What’s your favorite track on the project?

To be honest with you, I have a different favorite every day, man. But, I love “No, I’m Not Ok” a lot because of the message. The song is about rebelling against putting up a front. When we look at society, all of us, we post our best pictures on social media. When people ask us how we’re doing, we automatically tell people we’re good when maybe we’re having the toughest time. With this song, I wanted to rebel against that tendency and just be open and vulnerable about what I’m going through. I feel like “No, I’m Not Ok” is my most important song.

Your music videos are consistently high quality. How important are visuals in your artistic expression?

Man, they’re super important. I grew up listening to a lot of Michael Jackson, and I was infatuated with his videos. I loved the fact he would invite us into his world, and that’s what I want to do with my videos. I want to invite people into my fantasy world visually. I want to invite people into my mind. I want people to see what goes on up there.

In past interviews, you’ve expressed a love for cartoons. Has that love influenced how you’re approaching music videos?

Yeah, most definitely. I’m a huge Dragon Ball Z fan. When it comes to my styling, I don’t look at other rappers for my style. I just look at anime characters, for real. It might be anime characters; it might be characters in Tekken I draw inspiration from.

One of my biggest influences, as far as style, is Trunks from Dragon Ball Z. We saw a warrior on our TV screen with a crop-top jacket, and that was iconic to me, you know? I remember when I first saw him; the way he looked, just everything about him. Before he said a word, I was flabbergasted by his looks and overall appearance. I want to bring that back into my style and pay homage to that.

You’ve been officially releasing music for six years now.

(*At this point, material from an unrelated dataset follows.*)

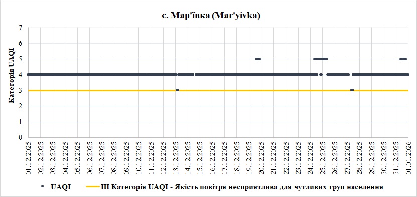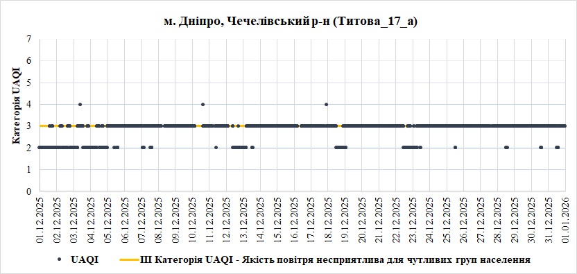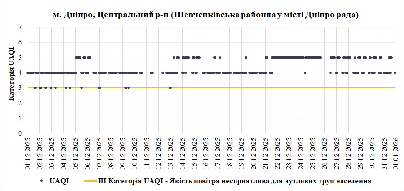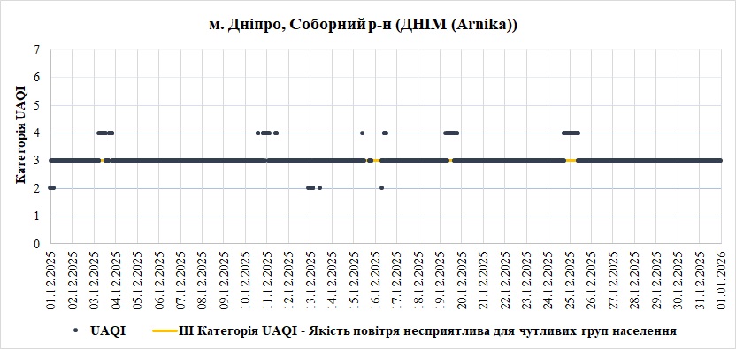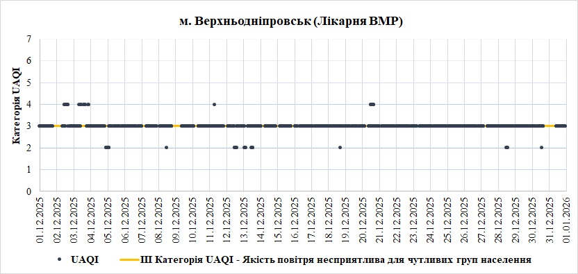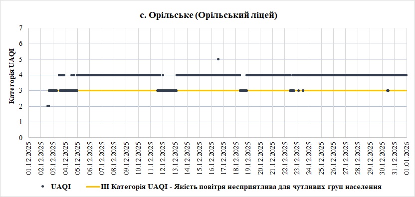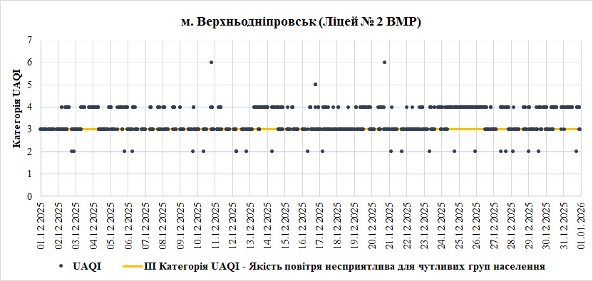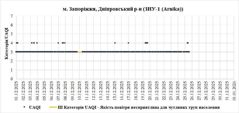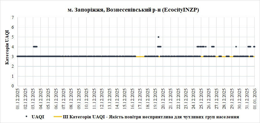 За період з 01.12.2025 по 31.12.2025 взяті до аналізу дані з 6 станцій моніторингу по Запорізькій області:

What motivates you to continue to create new music?

There’s a lot of songs in the world that talk about depression, but what I don’t want to do is… I’m not an emo rapper, so I don’t want just to let people relate to [depressing] songs. I want to give hope along with it. The whole project, it’s not an emo project; it’s a journey. One of the last songs is “On the Rise.” Even though I’m not okay, the conclusion is that I’m still on the rise. I just want to give people hope, along with being honest about what I’m going through. I want people to feel they’re not alone and that there’s still hope. That’s my motivation.

Songs about mental health and depression can go one of two very different ways: either you’re trapped in the pit of depression, or you’re extending a ladder to help the listener climb out of the pit.

Yeah! There are so many songs about depression, and a lot of artists talk about depression, but then their solution is drugs, and I’m like, “No, I listened to the song, but I’m still down.” I hope for my music to not leave people in a place where they only feel like they can relate to it; I want people to feel hope.